Cup Curriculum: Curriculum Learning on Model Capacity

Luca Scharr,Vanessa Toborek
2023-11-07
Abstract:Curriculum learning (CL) aims to increase the performance of a learner on a given task by applying a specialized learning strategy. This strategy focuses on either the dataset, the task, or the model. There is little to no work analysing the possibilities to apply CL on the model capacity in natural language processing. To close this gap, we propose the cup curriculum. In a first phase of training we use a variation of iterative magnitude pruning to reduce model capacity.
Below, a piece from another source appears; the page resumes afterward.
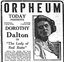 3. 1 2 "Dorothy Dalton in The Lady of Red Butte Begins Today". Winnipeg Free Press. October 23, 1919.
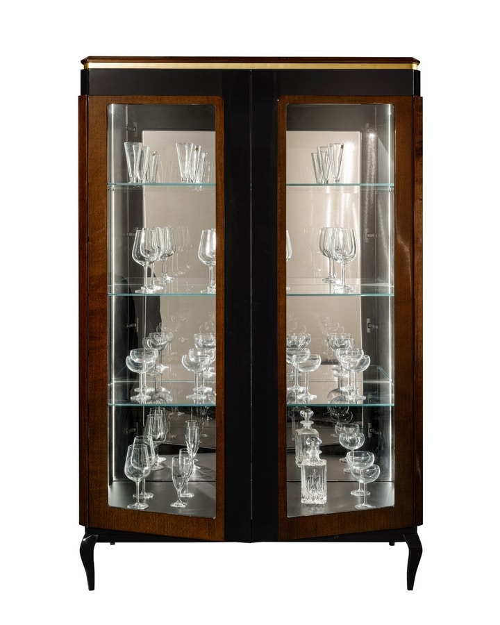 Preise anfordern Ähnliche ProdukteVitrine mit 2 Glastüren, Eschenfurnier. Metallprofile. Erhältlich in den glänzenden Oberflächen Imperador Mokka und Elfenbeinsand. Lackierter Innenraum mit Glasregalen und verspiegelter Rückseite. Innenbeleuchtung. Griffe aus Holz und Metall.

These weights are reintroduced in a second phase, resulting in the model capacity to show a cup-shaped curve over the training iterations. We empirically evaluate different strategies of the cup curriculum and show that it outperforms early stopping reliably while exhibiting a high resilience to overfitting.
Machine Learning
What problem does this paper attempt to address?
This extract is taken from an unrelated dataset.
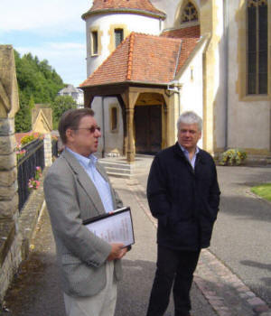 Dir. Schmid im Gespräch mit André Dubail vor der Kirche von Ferrette
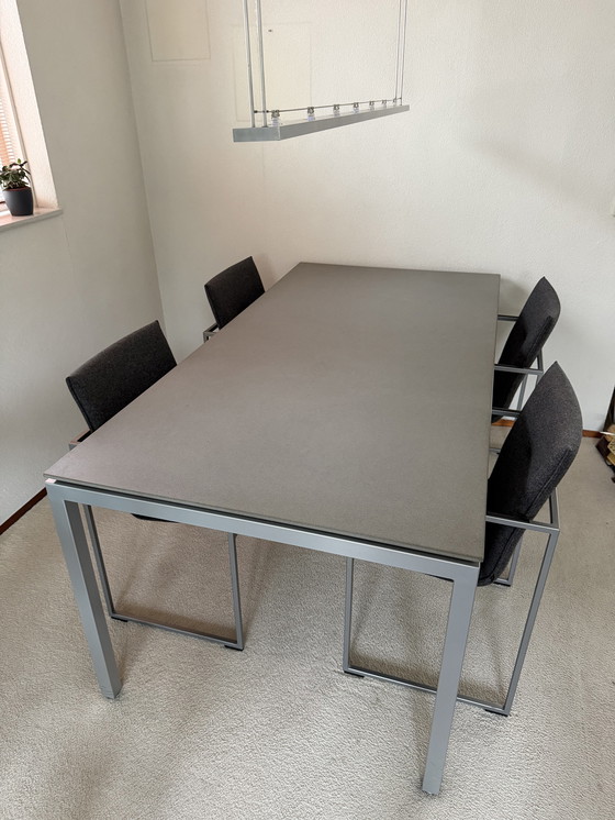 Magnifique et très robuste table Metaform S16 avec un plateau en pierre dure Pietra Serena de 20 mm d'épaisseur aux bords biseautés. Pieds en aluminium RAL 9006. La table mesure 180 x 90 cm et 75 cm de haut. Elle est vendue avec quatre chaises de salle à manger Arco, chacune dotée d'une structure métallique en aluminium et revêtue de tissu Kvadrat Divina Melange coloris 170 gris anthracite. Au-dessus de ce bel ensemble est suspendue une lampe Ferrolight Solid équipée de sept ampoules de 20 watts. Cette lampe à double suspension mesure 150 cm de large et s'allume et s'éteint à l'aide d'une télécommande. La télécommande fonctionne encore, mais devrait être remplacée (voir photo). La table, les chaises et la lampe peuvent également être vendues séparément. Cependant, l'ensemble forme un tout harmonieux et est donc privilégié.

The paper attempts to address the possibility and effectiveness of applying Curriculum Learning (CL) to model capacity in Natural Language Processing (NLP). Specifically, the authors propose a new method called "cup curriculum," which involves initially reducing the model capacity during training and then gradually restoring it, forming a cup-shaped curve to improve model performance. This approach aims to overcome the limitations of existing techniques such as early stopping and Iterative Magnitude Pruning (IMP), particularly in preventing overfitting and enhancing model generalization. The main contributions of the paper include: 1. **Proposing Model Curriculum**: For the first time, the analysis of curriculum learning for model capacity in the NLP field is conducted, and the new concept of "cup curriculum" is introduced. 2. **Testing Different Strategies**: Extensive experiments are conducted to validate different "cup curriculum" strategies, including various reset, initialization, and update schemes. 3. **Providing Usable Code**: To facilitate future research, the authors also provide easy-to-use code. Through this work, the authors demonstrate that the "cup curriculum" can reliably outperform early stopping across various model sizes and has a high resistance to overfitting. This provides new ideas and methods for model optimization in the NLP field.